The role of priors in visual perception and their applications in computer vision
In order to distinguish essays and pre-prints from academic theses, we have a separate category. These are often much longer text based documents than a paper.
Three-dimensional (3D) vision is an ill-posed inverse problem. The formation of the 2D image of a 3D shape/scene is the forward problem, and inferring the 3D shape/scene from the image is the inverse problem. The ill-posedness is related to the fact that any given 2D image is consistent with infinitely many 3D interpretations. In order to produce a unique and ideally correct interpretation, one has to impose constraints (aka priors) on the family of possible interpretations. Symmetry, compactness, minimal surface area, planarity etc., are some priors used by the visual system to deal with the ill-posedness of the problem. In the first part of this dissertation, a psychophysical experiment conducted to better understand how these priors operate in the visual system is discussed. In the second part, a method that uses some of these priors to recover 3D shapes from a single image is described. And in the last part, a translational symmetry based algorithm to extract curve skeletons from 3D point clouds by decomposing the point clouds into its parts is presented.

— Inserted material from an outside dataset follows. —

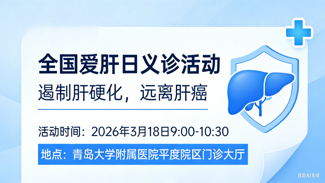 据了解,青岛大学附属医院平度院区感染性疾病科、检验科、健康管理中心、肝胆胰外科联合,将于3月18日上午 09:00 —— 10:30进行“遏制肝硬化,远离肝癌——早筛早治,守护肝脏健康”,全国爱肝日公益义诊。届时,肝病科专家,肝胆外科专家现场坐诊,为您提供肝脏健康咨询,解答关于病毒性肝炎、脂肪肝、肝硬化、肝癌、胰十二指肠病变、胆道疾病诊疗等常见肝胆疾病的预防、诊断与治疗问题。

Prior studies have found that, the perception of symmetric abstract polyhedral shapes, can be well modeled using the above mentioned priors and binocular depth order information. In this study, it is shown that these priors can be used to model asymmetrical shapes obtained from affine distortions of symmetric shapes. The experiment shows that the perception of symmetrical shapes is closer to veridical in comparison to asymmetrical shapes. Metrics to measure asymmetry of abstract polyhedral shapes and to measure shape dissimilarity between two polyhedral shapes are introduced. A control experiment which proves the goodness of the model is also presented. A website was developed with all the shapes used in the experiment, along with the user reconstructed shapes and the model reconstructed shapes.
To recover 3D shapes from a single view, symmetry and planarity constraints are used. Long smooth curves are extracted from the edge map of an image by solving the shortest (least-cost) path problem, where the cost function penalizes large interpolations and large turning angles. Optimal curve matches, that minimize the number of planes required to approximate the final 3D reconstruction, are then found. This optimization problem is framed as a binary integer program.

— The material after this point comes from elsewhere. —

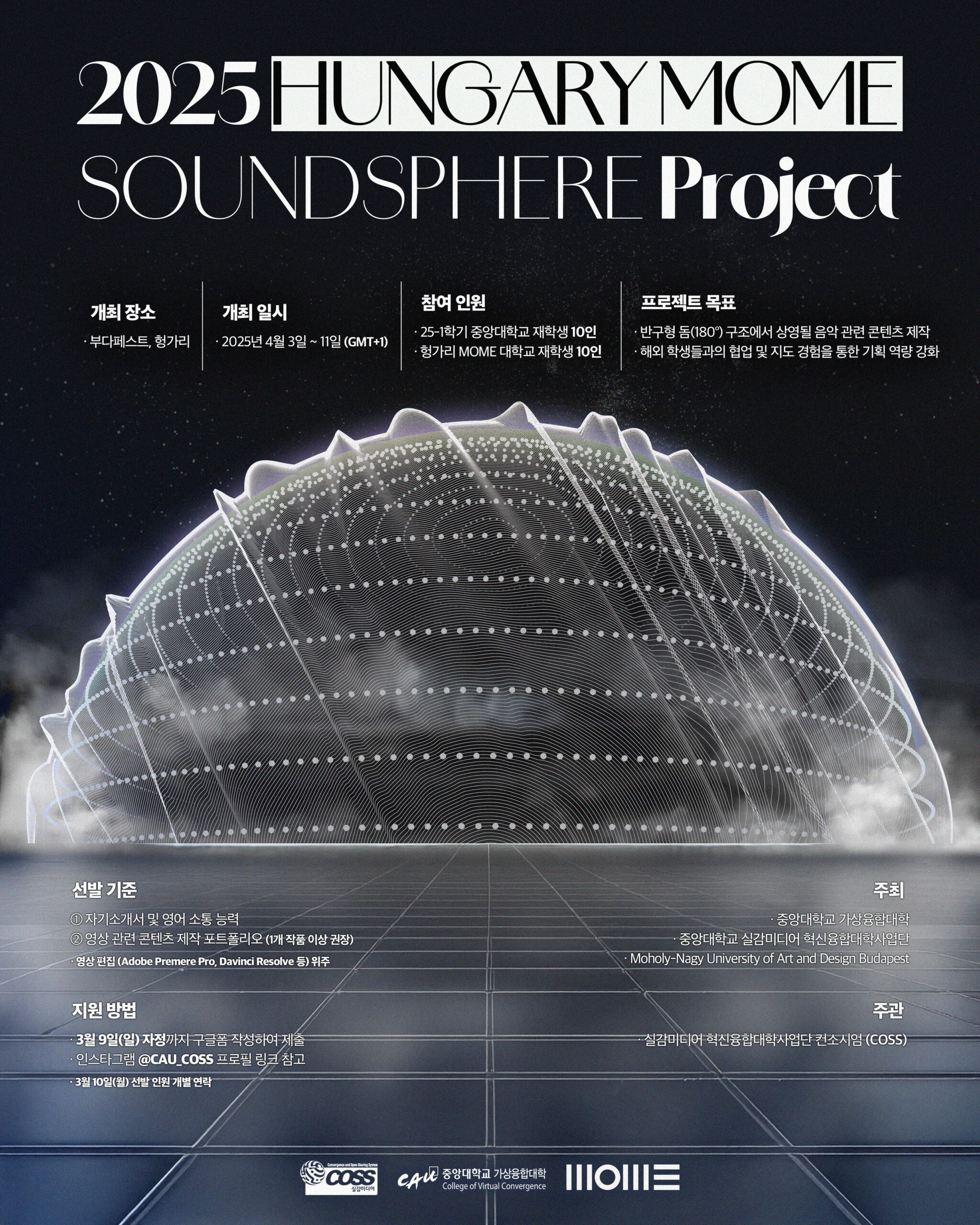 헝가리 부다페스트의 MOME 대학과 함께하는 특별한 반구형 돔(180°) 콘텐츠 제작 프로젝트에 참여할 중앙대학교 재학생을 모집합니다!

To extract curve skeletons from 3D point clouds, the cloud is decomposed into its parts. Generalized cylinders (GCs) are used to represent parts. Since, the axis of a GC is an integral part of its definition, the parts have natural skeletal representations. Cross-sections of parts are first detected and parts are then grown starting from this initial cross-sections. Translational symmetry, the fundamental property of GCs, is employed to grow the parts. A large number of such candidate parts are grown starting from different positions in the point cloud. Each part is assigned a score based on how well these parts can be represented as a GC. An optimization algorithm is then employed to select the best subset of parts, from within the candidate parts, to represent the decomposition of the object.